In our rule encoding approach, we will need about 5000 mapping rules to
map
syntactic parses of commonsense sentences into term logic relationships.
Our
inference engine will then generalize these into hundreds of thousands
or millions
of specialized rules.
How would your rules handle the "on" cases that you gave? What do your
rules match on (specific words, word types, object types, something else)?
Are your rules all at the same level or are they "tiered" somehow?
My gut instinct is that 5000 rules is way, way high for both the most
general and second-tiers and that you can do exception-based learning after
those two tiers.
We have about 1000 rules in place now and will soon stop coding them and
start
experimenting with using inference to generalize and apply them. If
this goes well,
then we'll put in the work to encode the rest of the rules (which is
not very fun work,
as you might imagine).
Can you give about ten examples of rules? (That would answer a lot of my
questions above)
Where did you get the rules? Did you hand-code them or get them from
somewhere?
----- Original Message -----
From: "Benjamin Goertzel" <[EMAIL PROTECTED]>
To: <[email protected]>
Sent: Wednesday, January 09, 2008 5:04 PM
Subject: Re: [agi] Incremental Fluid Construction Grammar released
And how would a young child or foreigner interpret on the Washington
Monument or "shit list"? Both are physical objects and a book *could* be
resting on them.
Sorry, my shit list is purely mental in nature ;-) ... at the moment, I
maintain
a task list but not a shit list... maybe I need to get better organized!!!
Ben, your question is *very* disingenuous.
Who, **me** ???
There is a tremendous amount of
domain/real-world knowledge that is absolutely required to parse your
sentences. Do you have any better way of approaching the problem?
I've been putting a lot of thought and work into trying to build and
maintain precedence of knowledge structures with respect to
disambiguating
(and overriding incorrect) parsing . . . . and don't believe that it's
going
to be possible without a severe amount of knwledge . . . .
What do you think?
OK...
Let's assume one is working within the scope of an AI system that
includes an NLP parser,
a logical knowledge representation system, and needs some intelligent way
to map
the output of the latter into the former.

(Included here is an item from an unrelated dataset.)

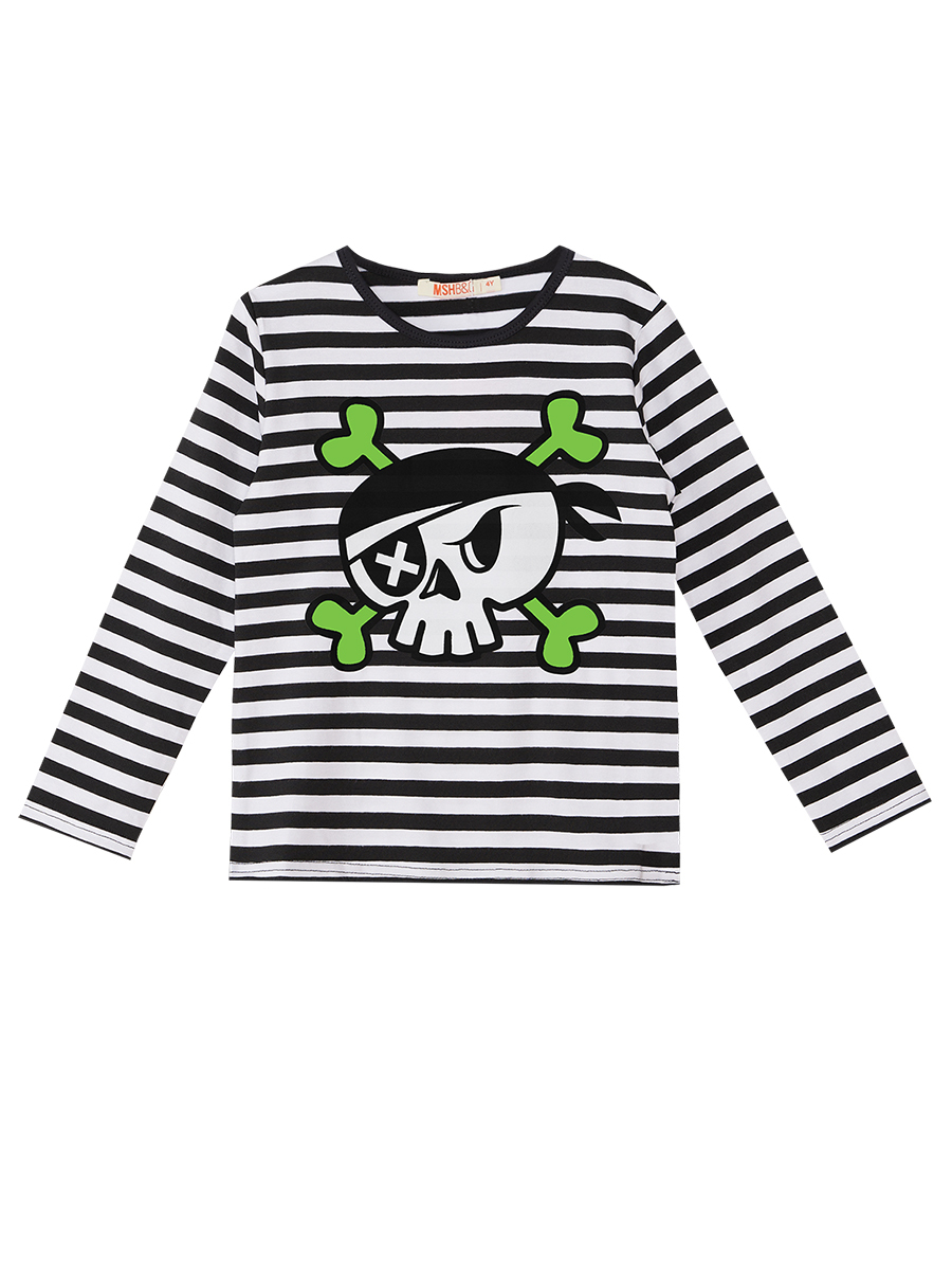 Korsan Kafa Çizgili Erkek Çocuk Kışlık T-shirt Pantolon Takım

Then, in this context, there are three approaches, which may be tried
alone or in combination:
1)
Hand-code rules to map the output of the parser into a much less
ambiguous logical format
2)
Use statistical learning across a huge corpus of text to somehow infer
these rules
[I did not ever flesh out this approach as it seemed implausible, but
I have to recognize
its theoretical possibility]
3)
Use **embodied** learning, so that the system can statistically infer
the rules from the
combination of parse-trees with logical relationships that it observes
to describe
situations it sees
[This is the best approach in principle, but may require years and
years of embodied
interaction for a system to learn.]
Obviously, Cycorp has taken Approach 1, with only modest success. But
I think part of
the reason they have not been more successful is a combination of a
bad choice of
parser with a bad choice of knowledge representation. They use a
phrase structure
grammar parser and predicate logic, whereas I believe if one uses a
dependency
grammar parser and term logic, the process becomes a lot easier. So
far as I can tell,
in texai you are replicating Cyc's choices in this regard (phrase
structure grammar +
predicate logic).
In Novamente, we are aiming at a combination of the 3 approaches.

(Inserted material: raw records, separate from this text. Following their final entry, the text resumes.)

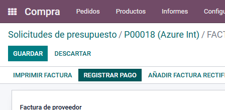 Para crear el pago de la factura, existe una opción dentro de la factura. Esta opción aparece con el nombre de Registrar Pago.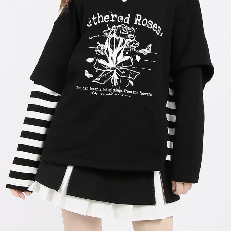 バラのイラストと英字がプリントされた重ね着風アシンメトリ長袖シャツ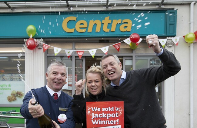Centra staff celebrate selling a winning lottery ticket. Eamonn Farrell/RollingNews.ie

We are encoding a bunch of rules, but we don't ever expect to get anywhere
near
complete coverage with them, and we have mechanisms (some designed, some
already in place) that can
generalize the rule base to learn new, probabilistic rules, based on
statistical corpus
analysis and based on embodied experience.
In our rule encoding approach, we will need about 5000 mapping rules to
map
syntactic parses of commonsense sentences into term logic relationships.
Our
inference engine will then generalize these into hundreds of thousands
or millions
of specialized rules.
This is current work, research in progress.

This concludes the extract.